Each time he's had to close indoor eating, he's tried to adapt Miss Mamie's as best he could. That included building a drive-through window dubbed 'Miss Mamie's Express,' and creating their own delivery service. They also installed a grab-and-go cooler where customers could grab sandwiches and prepared meals to bring home and pop in the microwave. They even installed a tent for outdoor dining, but had to abandon that when the weather turned too cold. 

"We've tried to do whatever we can to stay vibrant in this economy and this situation," said Osborn. "And we've kept our head above water." 

Now, he says he can't wait to finally bring customers back, to see the newly renovated dining area. And in the meantime, he says they'll continue with all of the other options that have been available to customers, such as curbside carry out. 

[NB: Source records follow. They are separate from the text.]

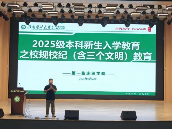 为帮助2025级新生适应大学环境、明确学习目标、筑牢职业素养根基,近日,第一临床医学院在龙南校区开展2025级新生入学教育。本次教育覆盖临床医学、儿科学、麻醉学、医学影像学四大专业760余名新生。
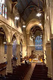 The erection of a chapter house was first mooted in 1883 to provide a synod hall in memory of Bishop Barker. Its construction was approved unanimously by the chapter and synod. Cyril Blacket, Edmund Blacket's son was appointed architect. The foundation stone was laid on 30 November 1885 and construction completed in 1886. The choice of site was limited, the south west corner of the site being the only vaguely suitable one. Even this was restricted. In 1916 additions enlarging the chapter house were completed by Wiltshire and Day. Calls for further enlargement continued but nothing was done due to the difficulty of the task.[2] The St Andrew's Cathedral Conservation Plan, 1999 by Paul Davies contains further detailed information on the chapter house, external works and structures, additions to the cathedral exterior, internal layout, 1941 reorientation, ventilation, organs, bells, architects and furniture.[2]
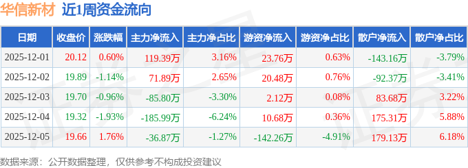 资金流向数据方面,本周华信新材主力资金合计净流出117.38万元,游资资金合计净流出85.21万元,散户资金合计净流入202.59万元。本周资金流向一览见下表:
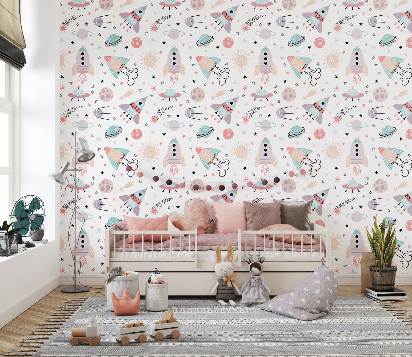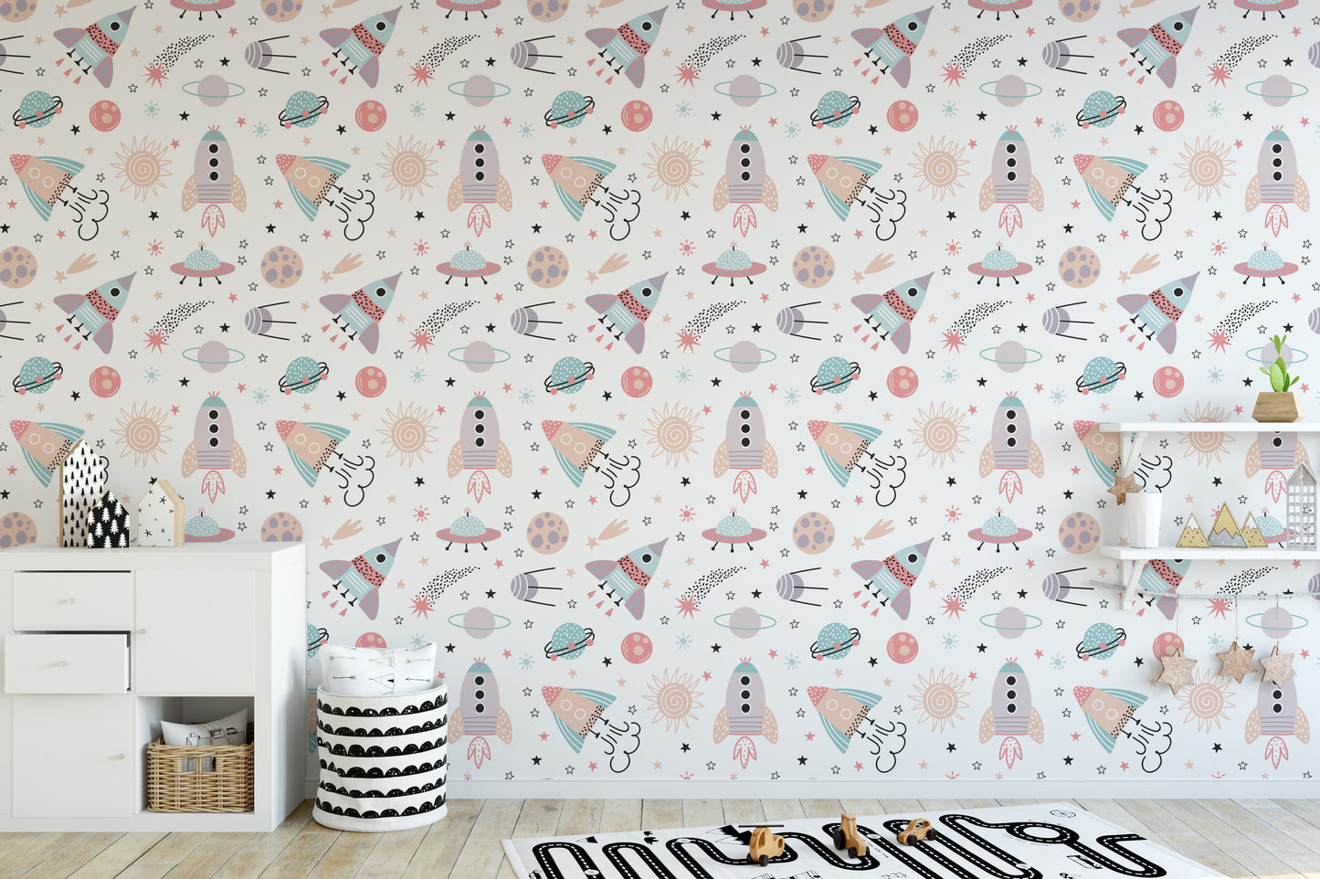 Starry space mural with rocket patterns

"I don't think we'll be back to normal just yet, but there's some light at the end of the tunnel, that's the way I see it," he explained. "A lot of light at the end of the tunnel." 

But even with all the stress of closing down, reopening, and then closing again, Osborn says it's worth it. 

"Everybody's health is important and we provide a product that people put in their bodies, so we have to be very serious about those things," he remarked. 

Both restaurants agreed that they hoped never to close their dining rooms again, but they did say that if cases rise once again, and it's mandated by the state, they'll do it again, in order to keep their customers safe.